Craig Johnson & Matt Atkins - Ferric Afterglow


 

Released: May 29

If there is one thing I always appreciate, it is the sound of worn out tape. And Ferric Afterglow leans into this as the overriding motif of the album. It is wonderfully hazy, so much that it’s quite impossible to describe or identify any of the sounds here. Although, you will have those occasional moment in which the faintest memory of a sound is heard before disappearing back into the ether. Divided up into seven parts of roughly equivalent length, Johnson & Atkins take us into a strange and vaguely beautiful journey that feel otherworldly. 

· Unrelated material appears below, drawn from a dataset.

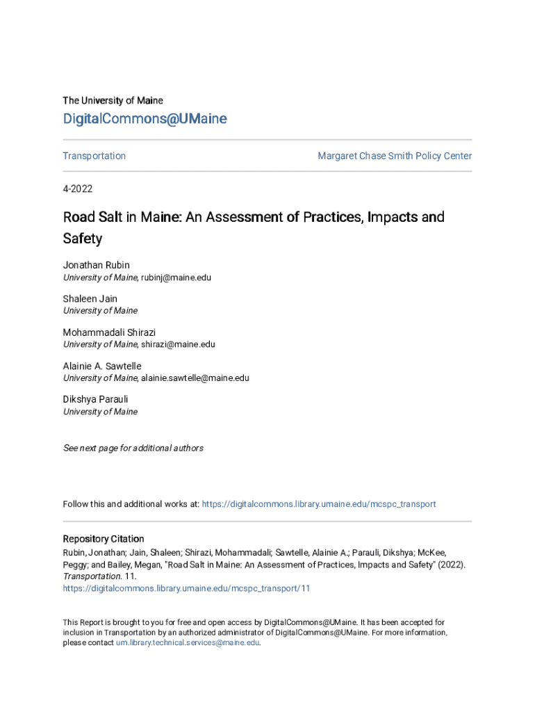 The University of MaineDigitalCommons@UMaine TransportationMargaret Chase Smith Policy Center42022Road Salt in Maine: An Assessment of Practices, Impacts and Safety Jonathan Rubin University of Maine,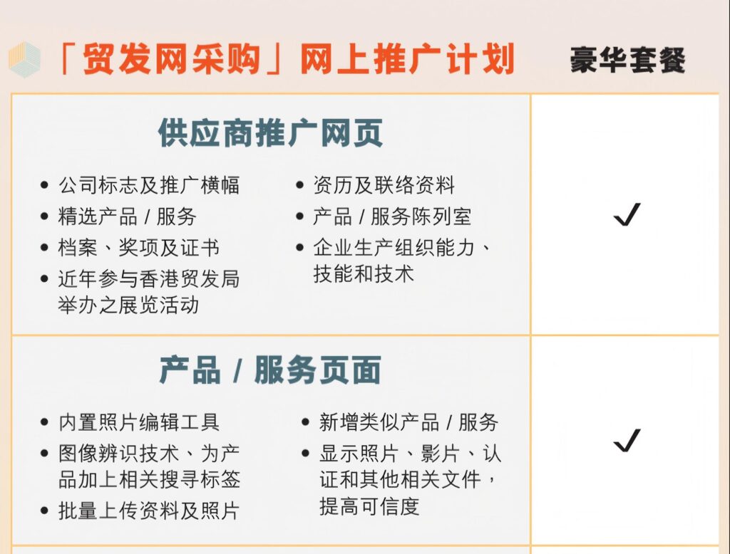 从供应商推广网页提供的“公司标志及推广横幅”服务、“产品/服务陈列室”,到产品/服务页面推出的“内置照片编辑工具”、“批量上传资料及照片”等功能,针对供应商实际运营需求,「贸发网采购」豪华套餐在帮助优化买家浏览体验的同时,为供应商实现曝光度与操作便捷度的双重获益,推进全渠道推广,化流量为订单。

Now, despite being split into seven parts, I highly recommend listening to it as one solid piece. There are short pauses that signify changes in track, but it more or less melds from piece to piece. The same hazy and slightly dreary tone pervades across the runtime with variations on the sounds and their quality. Small clicks, low hum, possibly frogs, possibly dropping a small microphone; all these indistinguishable small bits of sound create a sonic ghost town. For me, it feels as though all of the impartial memories of the tape are there. The incomplete attempt to record over something that was once there can be heard and the duo really seize on those little bits, bringing them closer to the forefront and into the listener’s perception. It makes for a rather haunting effect are all the instances of this slowly pile up.